P256 ECDH for Cortex-M0 and Cortex-M4
BSD 2-Clause "Simplified" License
20 stars 5 forks source link

RISC-V SUPPORT #3

Open smartmx opened 2 years ago

smartmx commented 2 years ago

I'm trying to adapt this project to the RISC-V platform, but RISC-V doesn't have overflow handling when computing. It means that the assembly on Cortex cannot be simply replaced and then run on RISC-V. My current idea is to create a global variable for storing the overflow flag, but this will greatly reduce the calculation speed. Do you have any good solution? Thanks!

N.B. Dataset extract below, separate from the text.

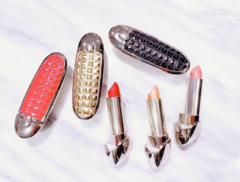 嬌蘭今年以璀璨金漾為主題推出聖誕彩妝,當中紅寶之吻唇膏的3色都是不種質地,包含柔霧光酒紅色N94、金屬光裸膚米N95,以及緞光豐潤紅木色N96。唇膏彩殼也同步推出3款,鉚釘皮革紋切割面的設計看起來相當奢華。
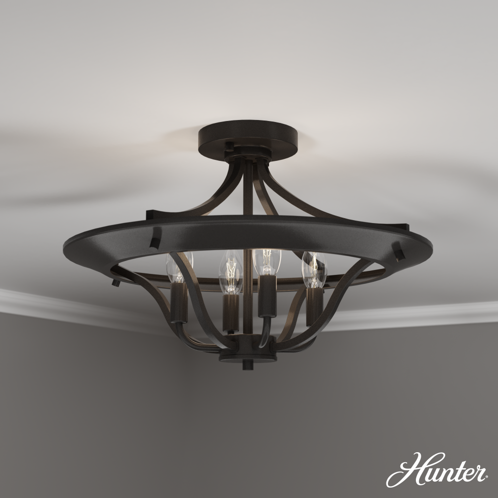 Hunter 19422 - Hunter Perch Point Noble Bronze 4 Light Medium Flush Mount Ceiling Light Fixture

Emill commented 2 years ago

The RISC-V platform is quite terrible when it comes to efficient big integer multiplication due to the lack of a carry flag and instructions like umaal.

There is a very long thread discussing this at https://groups.google.com/a/groups.riscv.org/g/isa-dev/c/Prak1SLbys8. You will find one post explaining how to rewrite one umaal instruction using eight instructions. If you really want to port this project to RISC-V, that could be one way to make that possible.

The "solution" some vendors offer is a hw accelerator for either big integer multiplication, or a hw accelerator directly for ECC calculations. Espressif use this for their RISC-V devices, as an example.

In my opinion both MIPS and RISC-V instruction sets are inferior compared to ARM instruction set. I guess RISC-V is used only to avoid the license fee of ARM.

smartmx commented 2 years ago

Thanks for your help! I will try it.

smartmx commented 2 years ago

Hi, Emill.

I have some questions.

In function P256_mul64: Your comment is : / in: (t0,t1) = a[0..1], (a2,a3) = b[0..1] out: a0-a3 /

Is t0 the High uint32 of data or t1 was? t0 = (data>>32) or t0 = data&0xffffffff ?

Is a2 the High uint32 of data or a3 was? a2 = (data>>32) or a2 = data&0xffffffff ?

the out data a0-a3, which of them is the high uint32 of data?

the out128 data = a0<<96| a1 <<64 | a2 << 32 | a3 or the out128 data = a3<<96| a2 <<64 | a1 << 32 | a0

Thanks!

smartmx commented 2 years ago

Sorry, above comment has some error. That is porting on RISV-V......

In function P256_mul64: Your comment is : / // in: (r4,r5) = a[0..1], (r2,r3) = b[0..1] // out: r0-r3 /

Is r4the High uint32 of data or r5 was? r4 = (data>>32) or r4 = data&0xffffffff ?

Is r2 the High uint32 of data or r3 was? r2 = (data>>32) or r2 = data&0xffffffff ?

the out data r0-r3, which of them is the high uint32 of data?

the out128 data = r0<<96 | r1 <<64 | r2 << 32 | r3 or the out128 data = r3<<96 | r2 <<64 | r1 << 32 | r0

Thanks!

Emill commented 2 years ago

the out128 data = r3<<96 | r2 <<64 | r1 << 32 | r0

Everything is little endian, so lower named registers contain lower bits.

Note that risc-v has the umulh instruction, which you should use to get the high bits of a 32-bit multiplication. Cortex-m0 lacks such an instruction which results in this quite large workaround as you can see.

smartmx commented 2 years ago

Yes, I am Using mulhu to make P256_mul64 too much easy. About 25 lines of codes. Thank you.